◆ **GIVEN ENTRIES**:
--- START ---

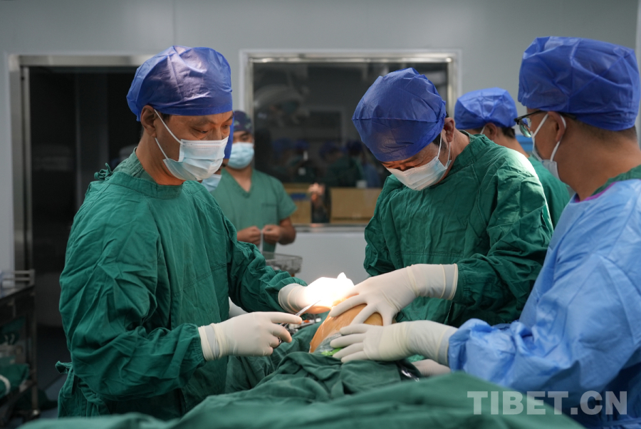 中國西藏網(wǎng)訊 2024年7月9日,在四川省甘孜藏族自治州巴塘縣人民醫(yī)院,“同心·共鑄中國心”醫(yī)務志愿者、北京積水潭醫(yī)院矯形骨科主任醫(yī)師李玉軍為一名患有膝關節(jié)病變的藏族患者實施了膝關節(jié)置換手術(shù)。
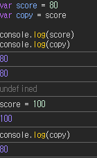 score 변수에 숫자 값 80을 할당하고, copy 변수에 score 변수를 할당했을 때
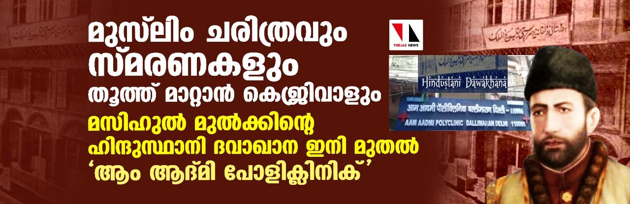 മുസ് ലിംചരിത്രവും സ്മരണകളും തൂത്ത് മാറ്റാന് കെജ്രിവാളും; മസിഹുല് മുല്ക്കിന്റെ ഹിന്ദുസ്ഥാനി ദവാഖാന ഇനി മുതല് 'ആം ആദ്മി പോളിക്ലിനിക്'
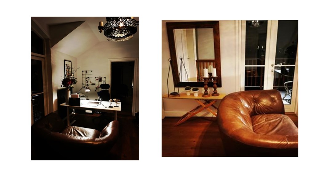 På övre våningen finner man tre rymliga sovrum med ett stort badrum som kombineras för alla. Master sovrum har en ‘walk-in’ garderob och med dörr direkt ut till den stora balkongen. Enkelt att hänga ut lakarna och täcken, samtidigt som en underbar plats att inta morgonkaffet. Balkongen har även en till ingång i vad som idag är nuvarande ägares hemarbetsplats.
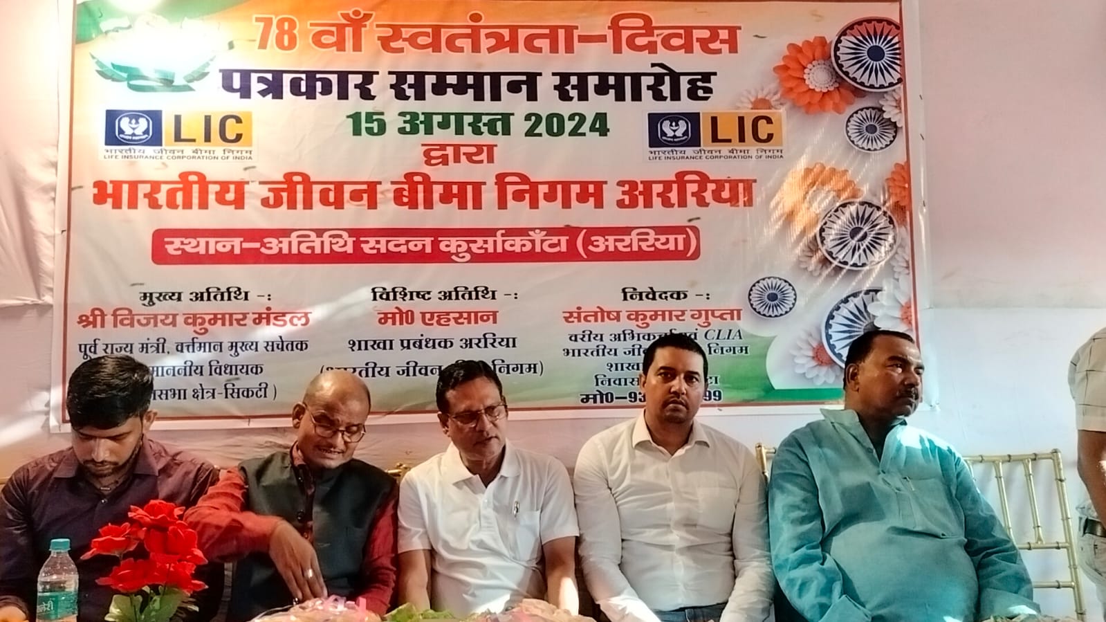 भारतीय जीवन बीमा निगम (LIC)की तरफ से 78 वां स्वतंत्रता दिवस के अवसर पर पत्रकार सम्मान समारोह आयोजित किया गया. यह समारोह कुर्साकांटा प्रखंड के अतिथि सदन धर्मशाला में शाम 4 बजे के करीब मुख्य अतिथियों के द्वारा दीप प्रज्वलित कर शुरू किया.

--- END ---

Take the material above from its first line through the line that has "മുസ് ലിംചരിത്രവും സ്മരണകളും" and copy it exactly, without any pictures.

◆ **EXERCISE ANSWER**:
 中國西藏網(wǎng)訊 2024年7月9日,在四川省甘孜藏族自治州巴塘縣人民醫(yī)院,“同心·共鑄中國心”醫(yī)務志愿者、北京積水潭醫(yī)院矯形骨科主任醫(yī)師李玉軍為一名患有膝關節(jié)病變的藏族患者實施了膝關節(jié)置換手術(shù)。
 score 변수에 숫자 값 80을 할당하고, copy 변수에 score 변수를 할당했을 때
 മുസ് ലിംചരിത്രവും സ്മരണകളും തൂത്ത് മാറ്റാന് കെജ്രിവാളും; മസിഹുല് മുല്ക്കിന്റെ ഹിന്ദുസ്ഥാനി ദവാഖാന ഇനി മുതല് 'ആം ആദ്മി പോളിക്ലിനിക്'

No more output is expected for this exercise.